• **Exercise prompt**:
Where the line holding "The overall PCE price index accelerated" appears, start copying, and continue exactly through the last line of the listing, skipping pictures.
···
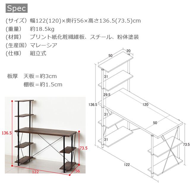 【商品サイズ】約 幅122(120)×奥行56×高さ136.5(73.5)cm
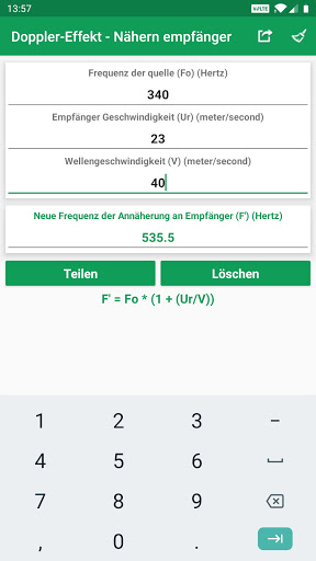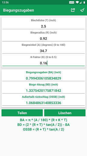 • Berechnete Werte und Ergebnisse können für soziale Medien, E-Mails, Nachrichten und andere freigegebene Apps freigegeben werden.
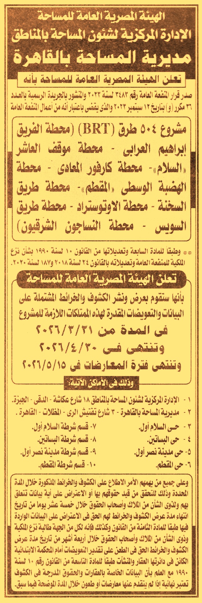 تعلن الهيئة المصرية العامة للمساحة بأنها ستقوم بعرض ونشر الكشوف والخرائط المشتملة على البيانات والتعويضات المقدرة لهذه الممتلكات اللازمة للمشروع
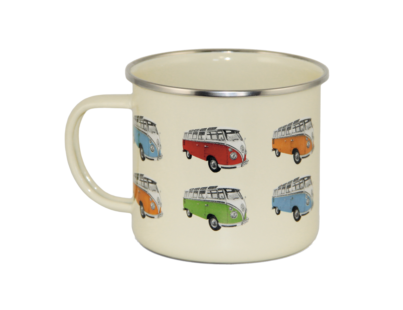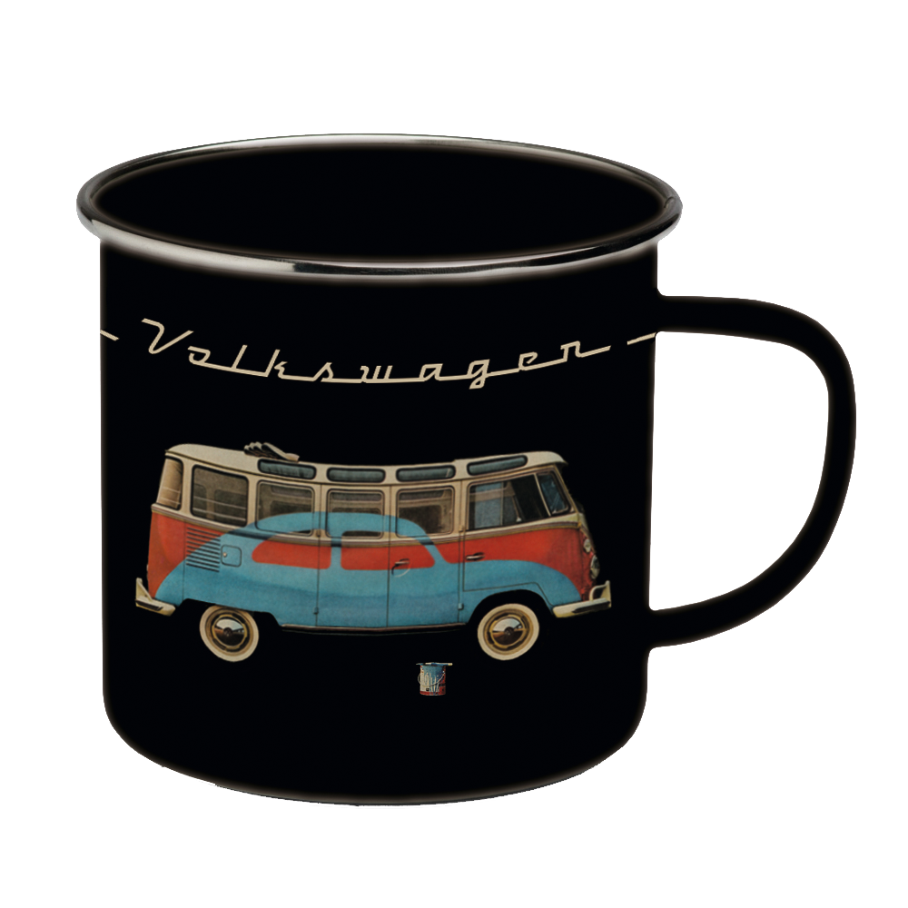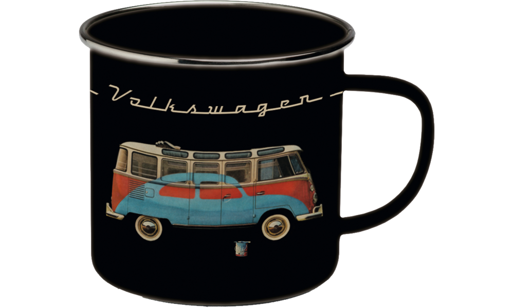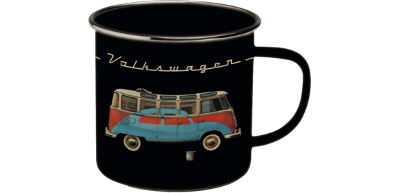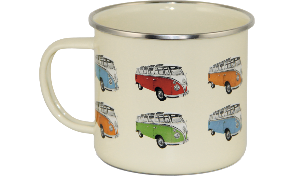 Coole Emaille-Tassen mit Bullis im Retrodesign.
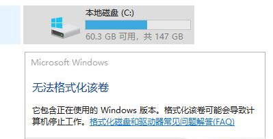 1、首先系統盤(C盤)是不能格式化的,如下圖所示。
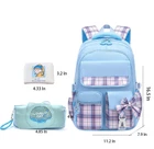 5-Pack Set: Stylish Plaid Bow Backpack / Girls Wallet / Pencil Bag / Keychain / Mood Pin. This 5-pack set includes a stylish plaid bow girls' backpack, wallet, pencil bag, keychain, and mood pin. The backpack measures 11.3"x7.1"x16.5" (LWH) and features a padded compartment sleeve that fits 14", 15", and 16" tablets or laptops. Durable and Stylish: Crafted from quality waterproof polyester, this middle school backpack is both durable and rain-resistant. Premium metal zippers ensure long-lasting use. Lightweight and fashionable, it’s perfect for casual and student use, offering a multifunctional design ideal for girls and ladies. Spacious and Organized: The large-capacity multi-layer space design allows for organized storage of daily work, study, or travel items. The main compartment fits a 15.6-inch laptop, while three exterior zipper pockets and one large pocket provide additional storage. Water bottle pockets on both sides make it easy for your little one to access their laptop, books, and other essentials. Ergonomic Design: This girls' school bag features an ergonomic design with a super soft, breathable back panel filled with sponge. It reduces back pressure while ensuring breathability, promoting healthy growth for children. Perfect for Ages 6 to 14: Recommended for girls aged 6 to 14, this school backpack is great for elementary school, outdoor activities, shopping, and travel. It’s a must-have for the back-to-school season and makes a wonderful gift for your daughter on her birthday, Christmas, Easter, or New Year.
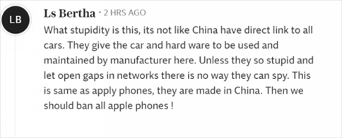 “這是多么愚蠢啊,中國又不是和所有汽車都有直接聯(lián)系。他們把汽車和硬件交給這里的制造商使用和維護。除非他們蠢到讓網(wǎng)絡(luò)出現(xiàn)漏洞,否則他們不可能進行間諜活動。這和蘋果手機一樣,都是中國制造的。那么我們應(yīng)該禁止所有蘋果手機!”
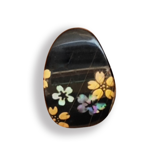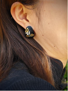采用中国千年传承的大漆工艺,融合点螺这一精细镶嵌技术,主体设计为轻盈的花卉形态,花瓣边缘略带弧度,增添动感,同时考虑佩戴舒适度,确保即使长时间佩戴也轻松自在。
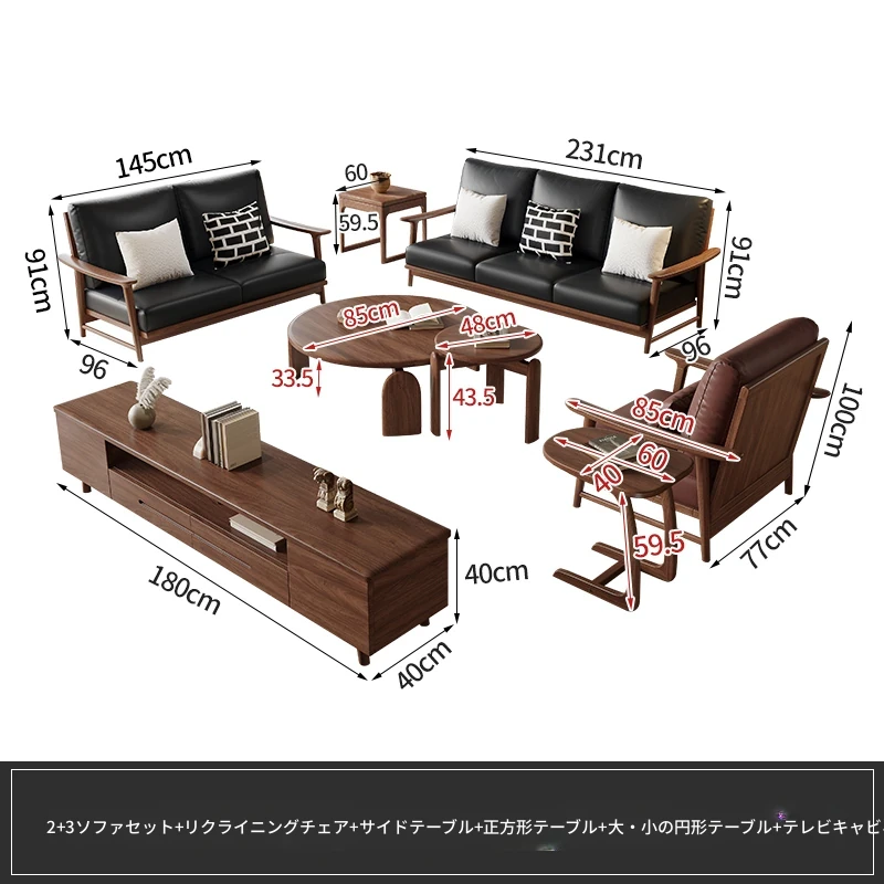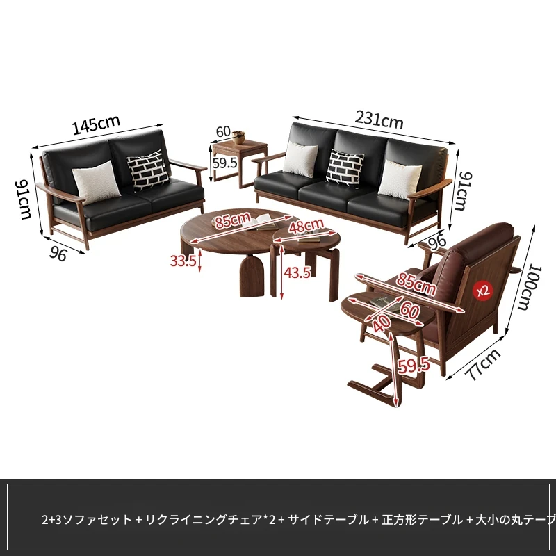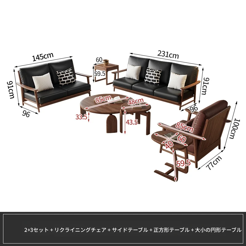 2+3セット+リクライニングチェア+サイドテーブル+スクエアテーブル+大小丸テーブル+テレビ台
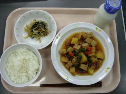 ごはん じゃがいものそぼろ煮 もやしのごま風味 牛乳
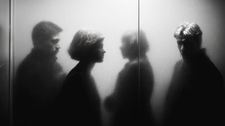 Figures stand behind frosted glass walls. The silhouettes show people in conversation, suggesting hidden political decisions. The scene lacks clarity and reveals obscured faces.
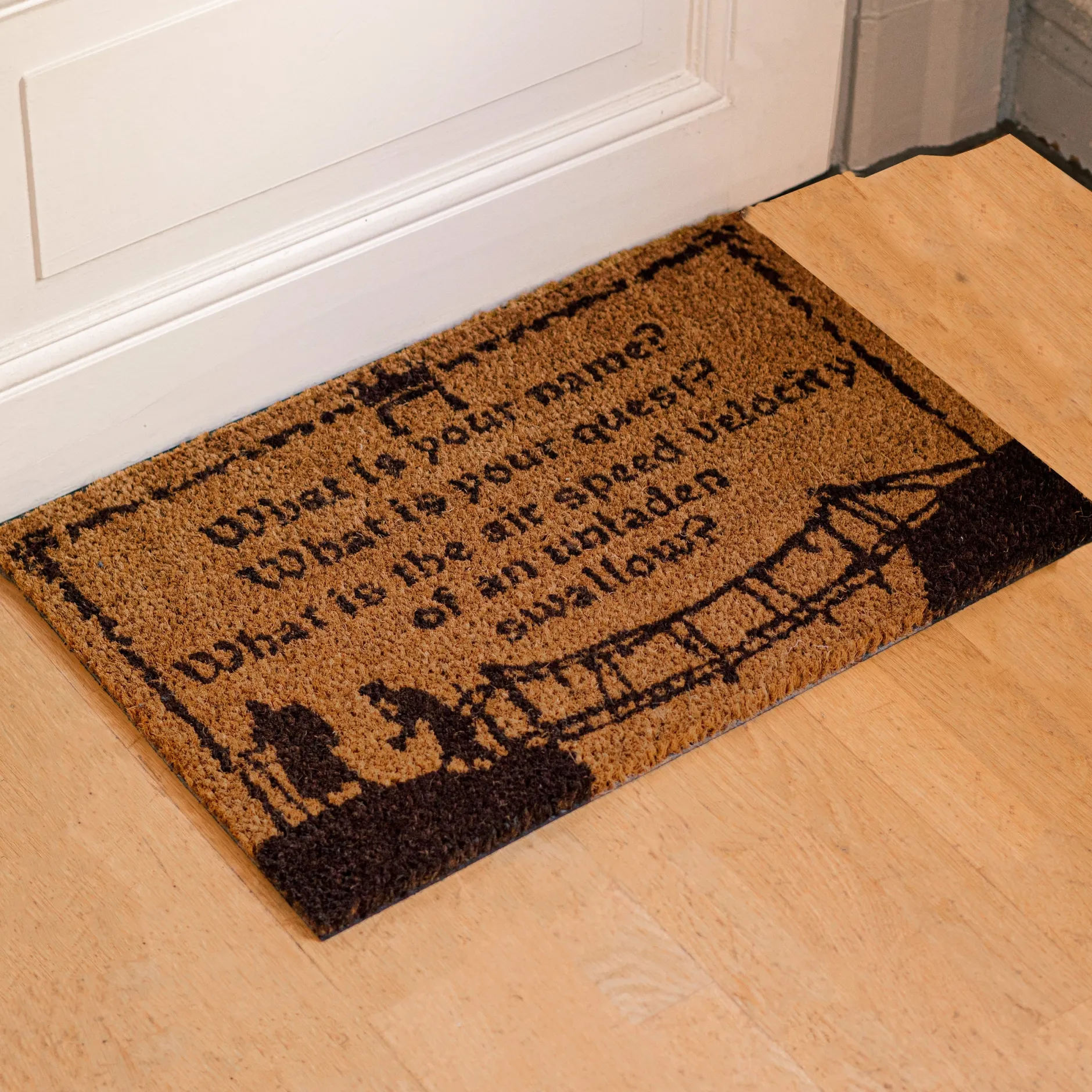- Fußmatte mit den 3 Fragen, die Artus vor der Brücke des Todes im Film „Die Ritter der Kokosnuss“ gestellt werden
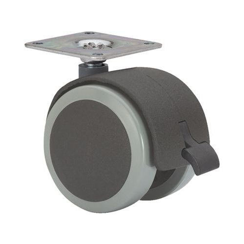 Rueda giratoria doble con freno platina 42x42mm 050kg 050mm poliuretano negra bandaje gris ruedas alex 1-0643
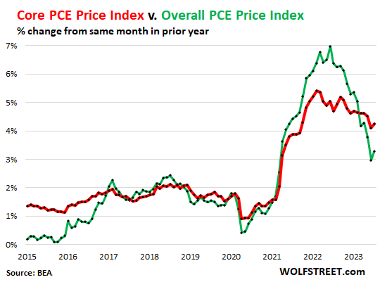 The overall PCE price index accelerated to 3.3% year-over-year, pulled down by the 22% year-over-year plunge in energy prices (now abating), which caused the overall PCE price index (green) to remain below the core PCE price index (red) for the fifth month in a row. And both are going in the wrong direction.
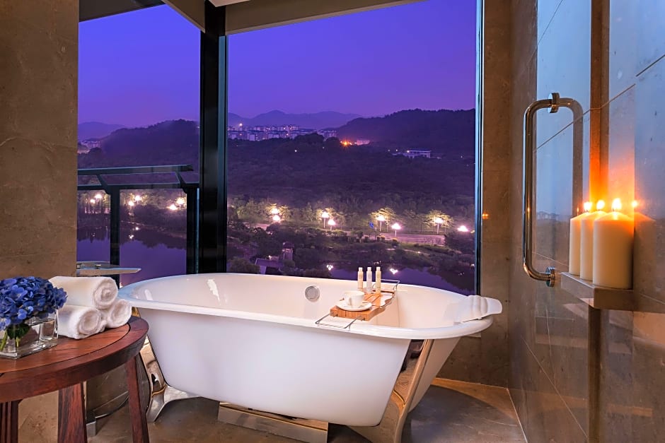 Features Lake Views, Executive Benefits, Balcony, Entertainment Area, Walk-in Closet, high quality bed linen. Marble bathroom with a lake view bath tub and a walk-in rain shower. Also features an in-room safe, iron/iron board and individual controlled air-conditioning.
···
• **Exercise answer**:
 The overall PCE price index accelerated to 3.3% year-over-year, pulled down by the 22% year-over-year plunge in energy prices (now abating), which caused the overall PCE price index (green) to remain below the core PCE price index (red) for the fifth month in a row. And both are going in the wrong direction.
 Features Lake Views, Executive Benefits, Balcony, Entertainment Area, Walk-in Closet, high quality bed linen. Marble bathroom with a lake view bath tub and a walk-in rain shower. Also features an in-room safe, iron/iron board and individual controlled air-conditioning.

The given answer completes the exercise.